**Work request:**
Word for word, give the records again, dropping any picture they hold.
Listed entries Block Start
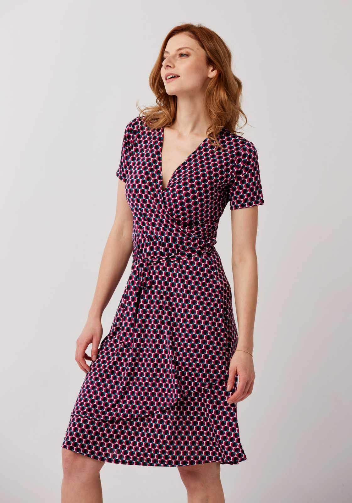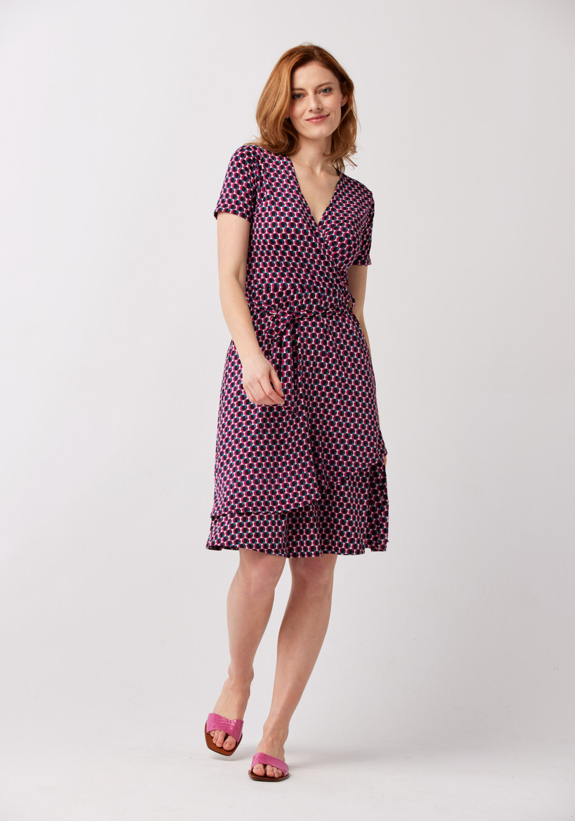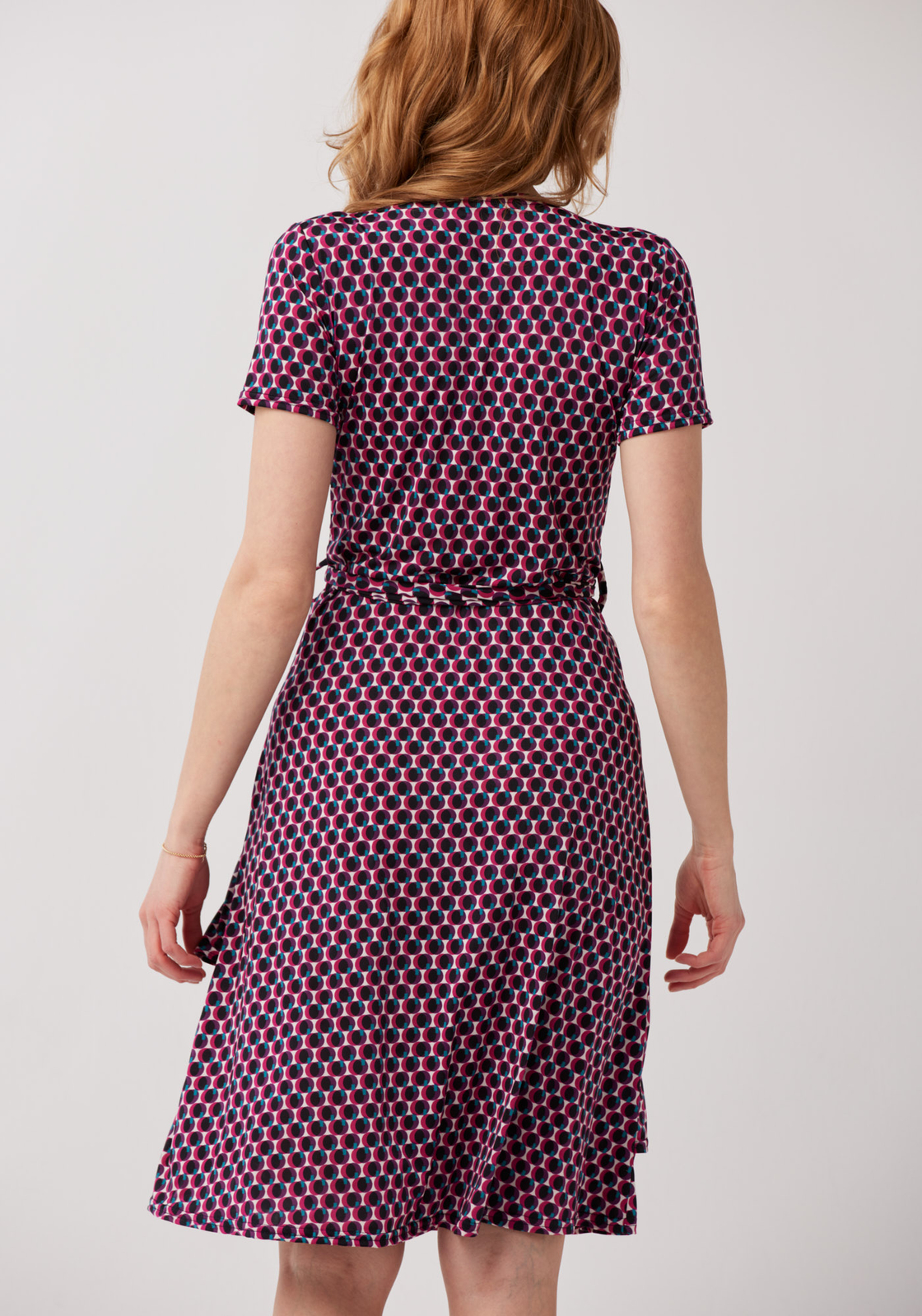- Wiązana w talii, kopertowa sukienka z krótkim rękawem. Sukienka w różowy, geometryczny wzór. Sukienka posiada dekolt w serek oraz asymetryczny dół.
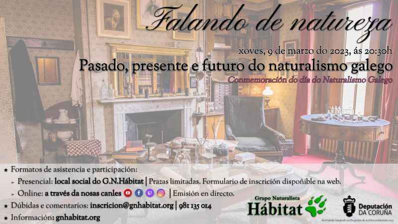 O vindeiro xoves 9 de marzo celebramos o noso primeiro día do naturalismo galego, e que mellor xeito de facelo que conversando entre naturalistas nun “Falando de natureza”. Rodeados de compañeir@s de paixón, debateremos sobre o pasado, presente e futuro do naturalismo en Galicia. Naturalistas de todas as idades contarannos as súas vivencias, anécdotas, inquedanzas e perspectivas de futuro.
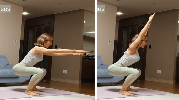 바르게 선 자세에서 팔을 앞으로 쭉 뻗으면서 스쿼트 자세로 앉아 주세요. 앉은 상태에서 팔을 머리 위로 쭉 펴면서 만세 상태로 했다가 다시 앞으로 쭉 뻗습니다. 다시 원래대로 일어섭니다. 10회 반복해서 실시합니다.
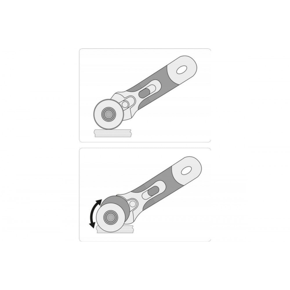 Нож с вращающимся лезвием используется в переплетном, портняжном, ремесленном деле. Он позволяет резать ткани и бумагу как прямо, так и изогнуто.
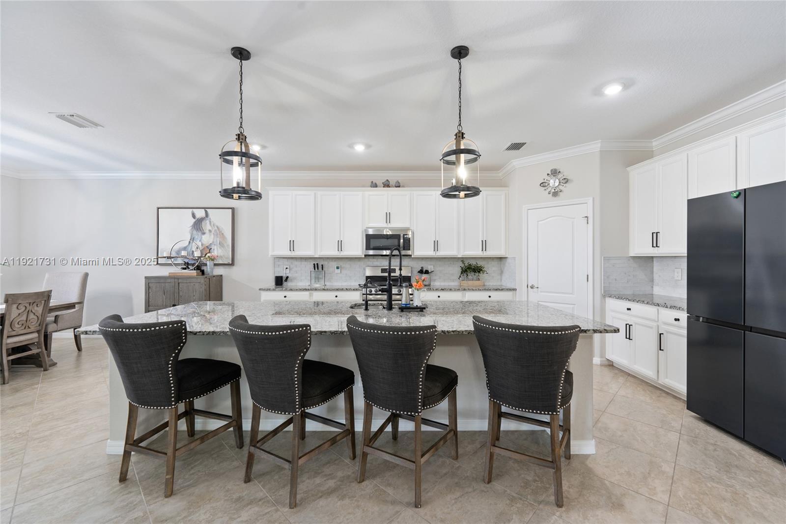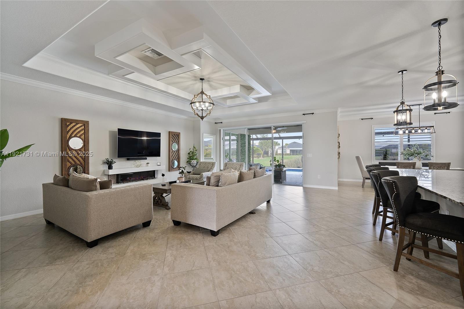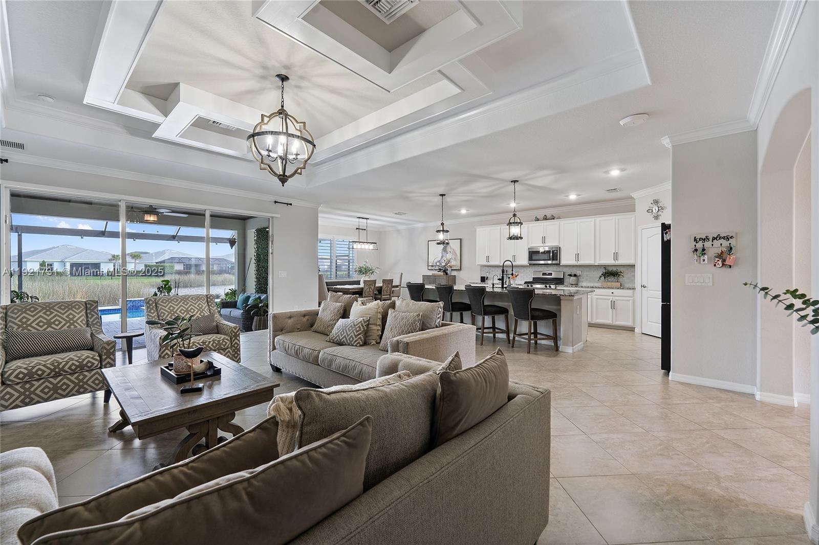 Located in one of the lowest-fee HOAs in the area, this beautiful Palmetto model home in Babcock Ranch offers style, comfort, and exceptional upgrades throughout. This 3-bedroom plus den residence features an open-concept layout and a 3-car garage, perfect for both everyday living and entertaining. The modern kitchen includes a custom backsplash, commercial-grade range hood (2025), and high-end appliances. Enjoy the Florida lifestyle with a custom heated pool and spa, screened lanai, and plenty of outdoor space for relaxing or hosting. The home has been meticulously maintained with freshly sealed grout (2025) and a newly painted exterior (2025). Interior highlights include diagonal tile flooring, upgraded light fixtures, plantation shutters in the dining room, custom window treatments in the living room, and a remote-control roll-down shade in the primary suite. Decorative wood ceiling accents add elegant character. The laundry room offers an upgraded washer and dryer set with white cabinetry for additional storage. Practical upgrades include a mini-split A/C in the garage (2025), full-home gutters (2025), epoxy garage flooring (2025), whole-house water filtration, generator outlet, two electric car charging outlets, and security cameras (2025). Located in the vibrant Babcock Ranch community, residents enjoy access to two resort-style pools, clubhouses, scenic walking trails, parks, playgrounds, and multiple sports courts, plus year-round events, restaurants, and shops.
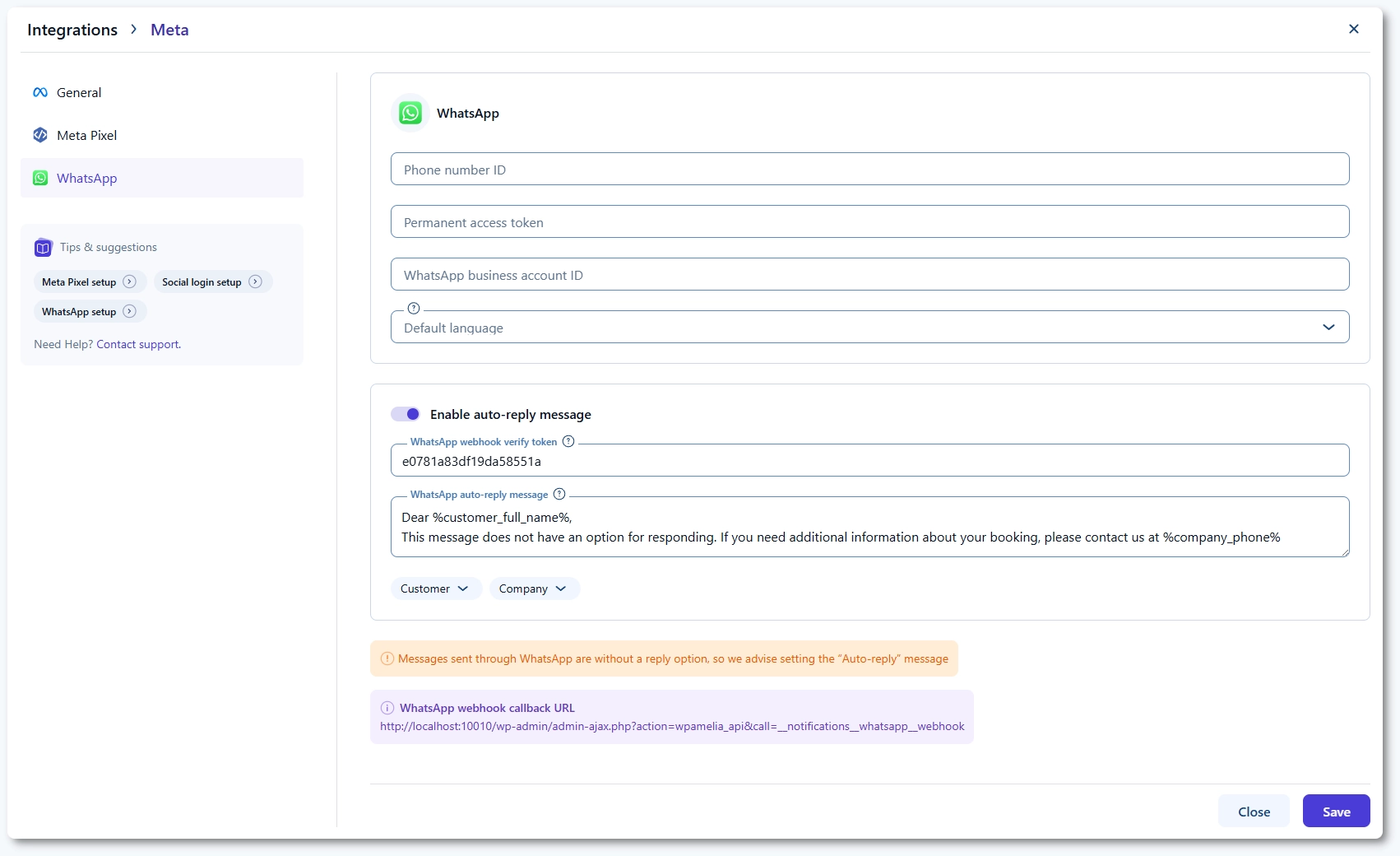WhatsApp notifications are template-based, which means all message content must come from an approved template in your Meta Business Manager account. Amelia cannot send custom text or freeform replies. Only one auto-reply can be configured in Amelia, and it is sent when a customer responds to any WhatsApp message.
Listed entries Block End
**Written solution:**
- Wiązana w talii, kopertowa sukienka z krótkim rękawem. Sukienka w różowy, geometryczny wzór. Sukienka posiada dekolt w serek oraz asymetryczny dół.
 O vindeiro xoves 9 de marzo celebramos o noso primeiro día do naturalismo galego, e que mellor xeito de facelo que conversando entre naturalistas nun “Falando de natureza”. Rodeados de compañeir@s de paixón, debateremos sobre o pasado, presente e futuro do naturalismo en Galicia. Naturalistas de todas as idades contarannos as súas vivencias, anécdotas, inquedanzas e perspectivas de futuro.
 바르게 선 자세에서 팔을 앞으로 쭉 뻗으면서 스쿼트 자세로 앉아 주세요. 앉은 상태에서 팔을 머리 위로 쭉 펴면서 만세 상태로 했다가 다시 앞으로 쭉 뻗습니다. 다시 원래대로 일어섭니다. 10회 반복해서 실시합니다.
 Нож с вращающимся лезвием используется в переплетном, портняжном, ремесленном деле. Он позволяет резать ткани и бумагу как прямо, так и изогнуто.
 Located in one of the lowest-fee HOAs in the area, this beautiful Palmetto model home in Babcock Ranch offers style, comfort, and exceptional upgrades throughout. This 3-bedroom plus den residence features an open-concept layout and a 3-car garage, perfect for both everyday living and entertaining. The modern kitchen includes a custom backsplash, commercial-grade range hood (2025), and high-end appliances. Enjoy the Florida lifestyle with a custom heated pool and spa, screened lanai, and plenty of outdoor space for relaxing or hosting. The home has been meticulously maintained with freshly sealed grout (2025) and a newly painted exterior (2025). Interior highlights include diagonal tile flooring, upgraded light fixtures, plantation shutters in the dining room, custom window treatments in the living room, and a remote-control roll-down shade in the primary suite. Decorative wood ceiling accents add elegant character. The laundry room offers an upgraded washer and dryer set with white cabinetry for additional storage. Practical upgrades include a mini-split A/C in the garage (2025), full-home gutters (2025), epoxy garage flooring (2025), whole-house water filtration, generator outlet, two electric car charging outlets, and security cameras (2025). Located in the vibrant Babcock Ranch community, residents enjoy access to two resort-style pools, clubhouses, scenic walking trails, parks, playgrounds, and multiple sports courts, plus year-round events, restaurants, and shops.
WhatsApp notifications are template-based, which means all message content must come from an approved template in your Meta Business Manager account. Amelia cannot send custom text or freeform replies. Only one auto-reply can be configured in Amelia, and it is sent when a customer responds to any WhatsApp message.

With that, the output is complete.